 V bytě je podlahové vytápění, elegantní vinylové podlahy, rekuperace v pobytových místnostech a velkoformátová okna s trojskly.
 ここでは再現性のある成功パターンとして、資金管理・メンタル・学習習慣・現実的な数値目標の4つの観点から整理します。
════════════════════
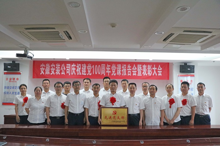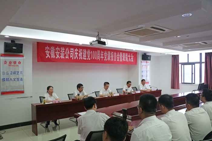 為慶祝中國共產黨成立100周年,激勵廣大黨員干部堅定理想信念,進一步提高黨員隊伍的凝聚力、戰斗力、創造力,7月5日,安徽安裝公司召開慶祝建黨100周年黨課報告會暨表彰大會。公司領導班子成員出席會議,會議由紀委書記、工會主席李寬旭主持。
════════════════════
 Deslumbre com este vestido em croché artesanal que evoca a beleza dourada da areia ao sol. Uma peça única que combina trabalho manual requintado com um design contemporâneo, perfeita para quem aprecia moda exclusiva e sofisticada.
════════════════════
Of the entries above, repeat exactly the lines from the line with "V bytě je podlahové" through the line with "ここでは再現性のある成功パタ", both of them included.

 V bytě je podlahové vytápění, elegantní vinylové podlahy, rekuperace v pobytových místnostech a velkoformátová okna s trojskly.
 ここでは再現性のある成功パターンとして、資金管理・メンタル・学習習慣・現実的な数値目標の4つの観点から整理します。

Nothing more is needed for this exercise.